● Dataset records
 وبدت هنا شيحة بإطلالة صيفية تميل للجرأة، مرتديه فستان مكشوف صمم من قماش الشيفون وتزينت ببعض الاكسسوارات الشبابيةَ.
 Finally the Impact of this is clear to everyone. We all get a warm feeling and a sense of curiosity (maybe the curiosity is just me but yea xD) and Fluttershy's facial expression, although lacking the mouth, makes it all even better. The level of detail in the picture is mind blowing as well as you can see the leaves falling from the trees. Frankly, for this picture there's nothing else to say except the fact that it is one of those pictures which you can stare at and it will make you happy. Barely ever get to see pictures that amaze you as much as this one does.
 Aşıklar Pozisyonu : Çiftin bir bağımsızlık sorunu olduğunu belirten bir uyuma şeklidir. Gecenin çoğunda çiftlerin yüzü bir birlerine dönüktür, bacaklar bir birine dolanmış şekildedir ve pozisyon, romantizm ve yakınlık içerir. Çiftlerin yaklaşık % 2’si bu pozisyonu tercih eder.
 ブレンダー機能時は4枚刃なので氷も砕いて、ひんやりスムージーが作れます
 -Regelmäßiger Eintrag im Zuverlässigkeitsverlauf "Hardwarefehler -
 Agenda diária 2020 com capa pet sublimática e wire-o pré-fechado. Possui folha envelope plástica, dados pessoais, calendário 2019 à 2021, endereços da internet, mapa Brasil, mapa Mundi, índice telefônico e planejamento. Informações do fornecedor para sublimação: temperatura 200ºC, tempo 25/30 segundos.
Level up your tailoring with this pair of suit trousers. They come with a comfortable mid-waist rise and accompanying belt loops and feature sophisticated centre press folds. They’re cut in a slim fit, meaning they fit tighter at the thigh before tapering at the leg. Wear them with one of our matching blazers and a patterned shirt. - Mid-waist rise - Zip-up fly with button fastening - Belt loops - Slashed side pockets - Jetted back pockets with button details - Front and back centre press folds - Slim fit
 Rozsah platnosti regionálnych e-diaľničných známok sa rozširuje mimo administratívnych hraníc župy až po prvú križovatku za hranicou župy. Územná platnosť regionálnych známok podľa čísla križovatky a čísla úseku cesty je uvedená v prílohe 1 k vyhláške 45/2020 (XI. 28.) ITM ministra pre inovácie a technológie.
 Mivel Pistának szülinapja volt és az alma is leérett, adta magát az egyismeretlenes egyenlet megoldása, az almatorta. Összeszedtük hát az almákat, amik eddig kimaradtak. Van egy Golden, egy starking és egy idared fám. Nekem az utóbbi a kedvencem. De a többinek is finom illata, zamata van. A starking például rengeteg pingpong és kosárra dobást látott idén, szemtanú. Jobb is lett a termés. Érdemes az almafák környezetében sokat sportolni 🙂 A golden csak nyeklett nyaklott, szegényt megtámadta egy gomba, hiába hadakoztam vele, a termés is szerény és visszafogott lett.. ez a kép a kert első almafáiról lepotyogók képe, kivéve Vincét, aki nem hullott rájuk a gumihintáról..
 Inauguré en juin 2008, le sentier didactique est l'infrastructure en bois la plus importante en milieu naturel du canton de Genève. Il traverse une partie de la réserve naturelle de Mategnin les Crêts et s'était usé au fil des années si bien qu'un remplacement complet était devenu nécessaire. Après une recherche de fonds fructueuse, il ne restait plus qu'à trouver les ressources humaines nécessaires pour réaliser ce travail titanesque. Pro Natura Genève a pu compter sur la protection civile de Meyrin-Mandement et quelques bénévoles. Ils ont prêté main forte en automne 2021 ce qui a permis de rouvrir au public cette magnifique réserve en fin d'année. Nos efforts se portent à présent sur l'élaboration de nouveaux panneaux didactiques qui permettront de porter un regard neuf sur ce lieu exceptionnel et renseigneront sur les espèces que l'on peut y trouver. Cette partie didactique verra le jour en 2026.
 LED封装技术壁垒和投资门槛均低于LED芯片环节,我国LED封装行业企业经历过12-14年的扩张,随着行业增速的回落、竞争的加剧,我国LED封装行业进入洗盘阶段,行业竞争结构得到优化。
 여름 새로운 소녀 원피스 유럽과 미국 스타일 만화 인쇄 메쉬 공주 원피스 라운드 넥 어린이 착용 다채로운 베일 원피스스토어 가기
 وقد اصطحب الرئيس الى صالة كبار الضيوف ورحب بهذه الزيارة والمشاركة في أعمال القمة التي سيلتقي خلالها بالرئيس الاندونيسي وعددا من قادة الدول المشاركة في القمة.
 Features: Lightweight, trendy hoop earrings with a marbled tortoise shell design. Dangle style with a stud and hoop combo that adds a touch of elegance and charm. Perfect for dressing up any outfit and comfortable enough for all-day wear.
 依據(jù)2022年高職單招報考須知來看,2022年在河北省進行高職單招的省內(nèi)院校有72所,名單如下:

● Problem to solve
Please repeat the entries above exactly as they read.

● Response for this exercise
 وبدت هنا شيحة بإطلالة صيفية تميل للجرأة، مرتديه فستان مكشوف صمم من قماش الشيفون وتزينت ببعض الاكسسوارات الشبابيةَ.
 Finally the Impact of this is clear to everyone. We all get a warm feeling and a sense of curiosity (maybe the curiosity is just me but yea xD) and Fluttershy's facial expression, although lacking the mouth, makes it all even better. The level of detail in the picture is mind blowing as well as you can see the leaves falling from the trees. Frankly, for this picture there's nothing else to say except the fact that it is one of those pictures which you can stare at and it will make you happy. Barely ever get to see pictures that amaze you as much as this one does.
 Aşıklar Pozisyonu : Çiftin bir bağımsızlık sorunu olduğunu belirten bir uyuma şeklidir. Gecenin çoğunda çiftlerin yüzü bir birlerine dönüktür, bacaklar bir birine dolanmış şekildedir ve pozisyon, romantizm ve yakınlık içerir. Çiftlerin yaklaşık % 2’si bu pozisyonu tercih eder.
 ブレンダー機能時は4枚刃なので氷も砕いて、ひんやりスムージーが作れます
 -Regelmäßiger Eintrag im Zuverlässigkeitsverlauf "Hardwarefehler -
 Agenda diária 2020 com capa pet sublimática e wire-o pré-fechado. Possui folha envelope plástica, dados pessoais, calendário 2019 à 2021, endereços da internet, mapa Brasil, mapa Mundi, índice telefônico e planejamento. Informações do fornecedor para sublimação: temperatura 200ºC, tempo 25/30 segundos.
Level up your tailoring with this pair of suit trousers. They come with a comfortable mid-waist rise and accompanying belt loops and feature sophisticated centre press folds. They’re cut in a slim fit, meaning they fit tighter at the thigh before tapering at the leg. Wear them with one of our matching blazers and a patterned shirt. - Mid-waist rise - Zip-up fly with button fastening - Belt loops - Slashed side pockets - Jetted back pockets with button details - Front and back centre press folds - Slim fit
 Rozsah platnosti regionálnych e-diaľničných známok sa rozširuje mimo administratívnych hraníc župy až po prvú križovatku za hranicou župy. Územná platnosť regionálnych známok podľa čísla križovatky a čísla úseku cesty je uvedená v prílohe 1 k vyhláške 45/2020 (XI. 28.) ITM ministra pre inovácie a technológie.
 Mivel Pistának szülinapja volt és az alma is leérett, adta magát az egyismeretlenes egyenlet megoldása, az almatorta. Összeszedtük hát az almákat, amik eddig kimaradtak. Van egy Golden, egy starking és egy idared fám. Nekem az utóbbi a kedvencem. De a többinek is finom illata, zamata van. A starking például rengeteg pingpong és kosárra dobást látott idén, szemtanú. Jobb is lett a termés. Érdemes az almafák környezetében sokat sportolni 🙂 A golden csak nyeklett nyaklott, szegényt megtámadta egy gomba, hiába hadakoztam vele, a termés is szerény és visszafogott lett.. ez a kép a kert első almafáiról lepotyogók képe, kivéve Vincét, aki nem hullott rájuk a gumihintáról..
 Inauguré en juin 2008, le sentier didactique est l'infrastructure en bois la plus importante en milieu naturel du canton de Genève. Il traverse une partie de la réserve naturelle de Mategnin les Crêts et s'était usé au fil des années si bien qu'un remplacement complet était devenu nécessaire. Après une recherche de fonds fructueuse, il ne restait plus qu'à trouver les ressources humaines nécessaires pour réaliser ce travail titanesque. Pro Natura Genève a pu compter sur la protection civile de Meyrin-Mandement et quelques bénévoles. Ils ont prêté main forte en automne 2021 ce qui a permis de rouvrir au public cette magnifique réserve en fin d'année. Nos efforts se portent à présent sur l'élaboration de nouveaux panneaux didactiques qui permettront de porter un regard neuf sur ce lieu exceptionnel et renseigneront sur les espèces que l'on peut y trouver. Cette partie didactique verra le jour en 2026.
 LED封装技术壁垒和投资门槛均低于LED芯片环节,我国LED封装行业企业经历过12-14年的扩张,随着行业增速的回落、竞争的加剧,我国LED封装行业进入洗盘阶段,行业竞争结构得到优化。
 여름 새로운 소녀 원피스 유럽과 미국 스타일 만화 인쇄 메쉬 공주 원피스 라운드 넥 어린이 착용 다채로운 베일 원피스스토어 가기
 وقد اصطحب الرئيس الى صالة كبار الضيوف ورحب بهذه الزيارة والمشاركة في أعمال القمة التي سيلتقي خلالها بالرئيس الاندونيسي وعددا من قادة الدول المشاركة في القمة.
 Features: Lightweight, trendy hoop earrings with a marbled tortoise shell design. Dangle style with a stud and hoop combo that adds a touch of elegance and charm. Perfect for dressing up any outfit and comfortable enough for all-day wear.
 依據(jù)2022年高職單招報考須知來看,2022年在河北省進行高職單招的省內(nèi)院校有72所,名單如下:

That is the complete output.